上海好像無時無刻都在堵車,內環的高架橋沒有理由的橫縱疊生,讓路途顯得愈發的複雜。
我和薛成愷並排坐在汽車後座,我不知道他的腦子裡在想什麼,我只知道我滿腦子都是路思瀅暗含眼淚的雙眼,以及溫潤如玉的江南女子的氣質。
不知道為何,我或多或少是有些心疼她的。
交通堵塞的一動不動,冷漠的薛成愷然後探到司機的位置重重地拍了一下喇叭。
司機警惕地回頭,為難地提醒:「不能鳴笛。」
薛成愷暗暗罵了一句「媽的」才又坐回了原位。
我不禁噗嗤一笑,他敏感地轉頭白了我一眼:「你笑什麼?」
我眼中含笑,扭頭看向他:「你很愛她。」
他顯的尷尬,還有不深不淺的羞澀,我一定是看見了他的羞澀,所以才會繼續調侃他:「還整天在裝作不在乎,真的不知道你在想什麼。」
薛成愷回過頭去,盯著前面堵塞的車流,冷冷地駁我:「關你什麼事?」
我嘖嘖稱奇:「老公愛老婆,天經地義,遮遮掩掩幹什麼,又不是什麼不正當的愛情。
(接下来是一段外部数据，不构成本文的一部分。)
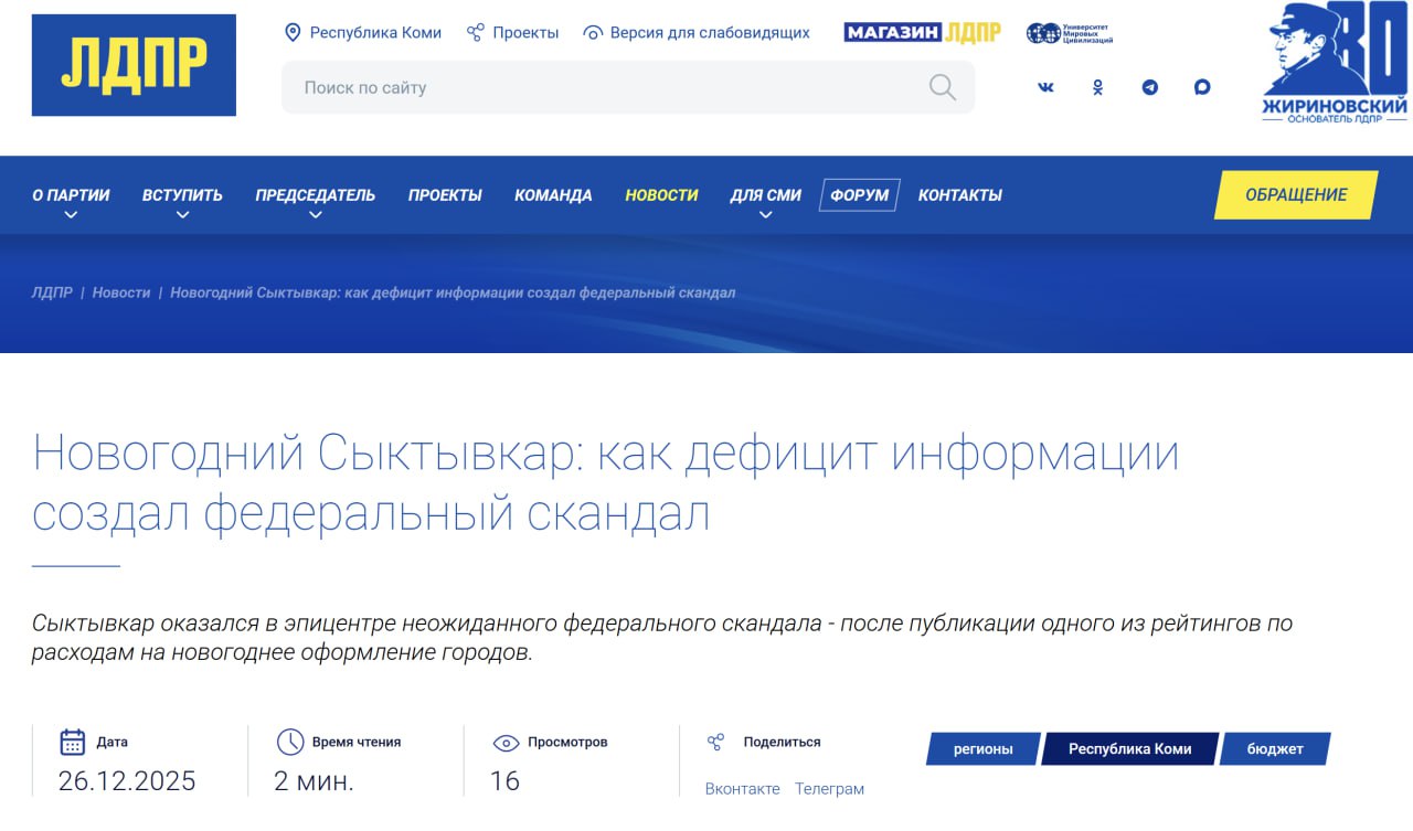 История с «третьим местом Сыктывкара после Москвы и Петербурга» по расходам на новогоднее оформление неожиданно получила продолжение. Теперь в неё активно вписываются либерал-демократы, заявляя, что именно они якобы разобрались в ситуации, «вскрыли правду» и спасли город от федерального скандала. Выглядит эффектно. Но есть ощущение, что одеяло тянут на себя слишком уверенно.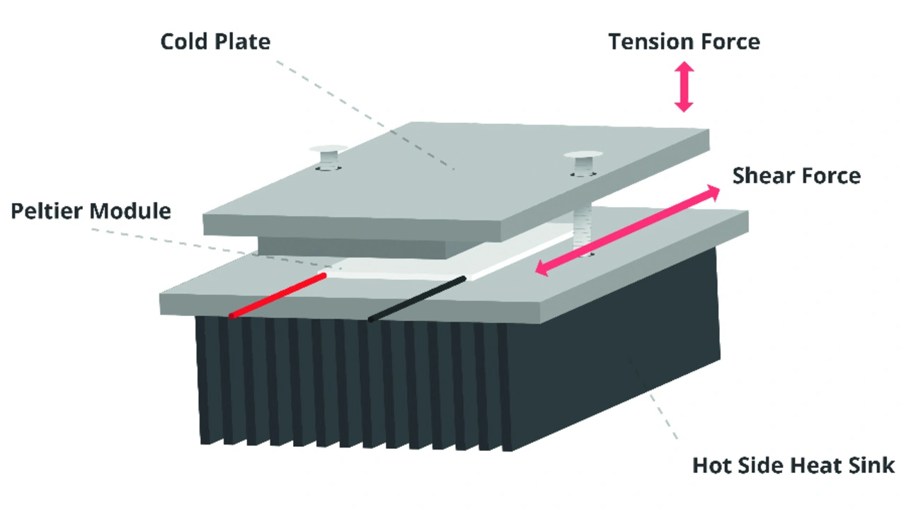 Der übliche Einsatz eines Peltier-Moduls beginnt mit dem Platzieren der kalten Seite auf einem zu kühlenden Objekt, gefolgt von einem Kühlkörper auf der heißen Seite, um die Wärme abzuführen (Bild 2). Dabei können große Scher- oder Zugkräfte über das Modul hinweg auftreten, sofern keine mechanische Struktur verwendet wird, um das zu kühlende Objekt und den Kühlkörper zu unterstützen. Werden das Objekt und der Kühlkörper einfach ohne zusätzliche Unterstützung an den Keramikplatten befestigt, kann das Peltier-Modul unter diesen Kräften brechen oder versagen (Bild 3).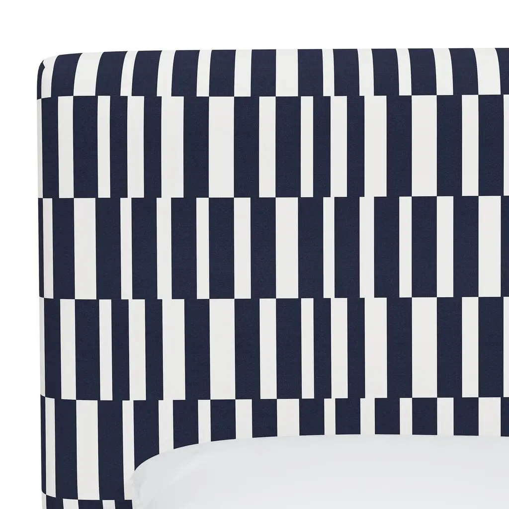 Exclusive to One Kings Lane: Mod stripes give this streamlined bed a dash of retro chic. The headboard's generous padding makes it ideal for anyone who likes sitting up to read or watch TV in bed.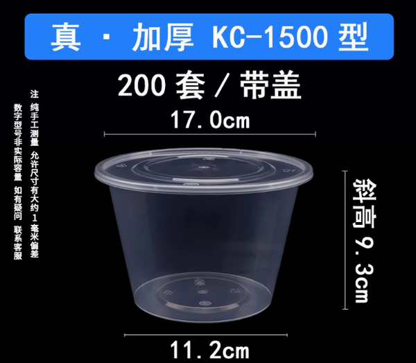 规格:加厚款 1500型号透明圆形 200套/箱(带盖) 200套/箱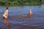 Ну пляж как пляж. Есть несколько скамеек с зонтиками для старичков. Главное - весьма чисто, никто не приходит с большим количеством еды и не мусорит. Могу отметить, что одно из немногих мест, где народ не сорит. К чести города Гороховец. Песок так себе - нативный, река мелкая в межень переходится вброд, а вот течение - сильное, плыть против него - не в жилу, что на лодке, что без. Дно хорошее - песчаное, хотя много беззубок и жемчужниц, но об них ноги не ранишь. Перед буйками выкопана яма, чтобы можно было заглубиться. Отмечу, что дно неровное - могут быть перепады 20-25 сантиметров (это для тех, кто боится и не умеет плавать)

」
我見他不說話,也只好偃旗息鼓,畢竟薛成愷的脾氣大,惹怒了他我也吃不了什麼好果子。
只是這良久的沉默氣氛變得忽然怪異了起來。
前方的車流終於開始挪動,薛成愷的聲音似乎被罩上了一層雨雲,顯得陰暗又沉悶:「如果我想要一個答案,這樣算不算錯?」
我知道司機是不可能答話的,所以很明顯薛成愷這句話只能我作出解答。
我很認真地思量了一會兒,說道:「當然不算錯,人嘛,不知道答案的時候總想把答案找出來,答案有了反而也就沒那麼執著了。」
他緩緩移了眼神看向我,直至後來,我都無法忘卻那天薛成愷看我的眼神。
像是烏雲被後激將傾斜的大雨,也像是珊瑚群裡藏著的暗湧。
是一種說不清道不明的情緒。
落在我的心裡,讓許多過往變得粘膩又鹹淡。
彷彿只有大口大口的喝水,才能緩解莫名的乾涸,也才能安撫無理由的緊張感。
我伸手拿車裡備好的蘇打水,擰開瓶蓋,潤潤喉嚨。
接下來就是我所期待的一路無言。
我們來到位於浦東的一傢俬立醫院,薛成愷輕車熟路的帶我坐著電梯來到四樓。
直奔手術室。
因為是剖腹產,所有家人都只能在門外候著。
這也是我第一次見到路思瀅的家人。
她的母親身材纖細,穿著合身的旗袍,將頭髮挽到耳後,年過半百卻十分有氣質。
她的父親顯得就普通許多,穿著舒適的運動服,一頭雪白的頭髮,皮膚卻出奇的好。
門外再不見他人,沒有電視劇演的那般一群人愁眉不展圍著手術室外的座椅打轉。
薛成愷過去一一擁抱了路思瀅的父母,然後叫來了相關醫生了解情況。
我出於禮貌,也上前與路思瀅父母打起了招呼,我說:「伯父伯母好,我是陳喬西,聽說訊息的時候,我與薛總正在開專案會,索性就唐突前來了。」
我伸出手一一跟二老握手,然後又說了許多鼓勵的話語,與二老一起並排站在一起,翹首期盼著手術室裡的訊息。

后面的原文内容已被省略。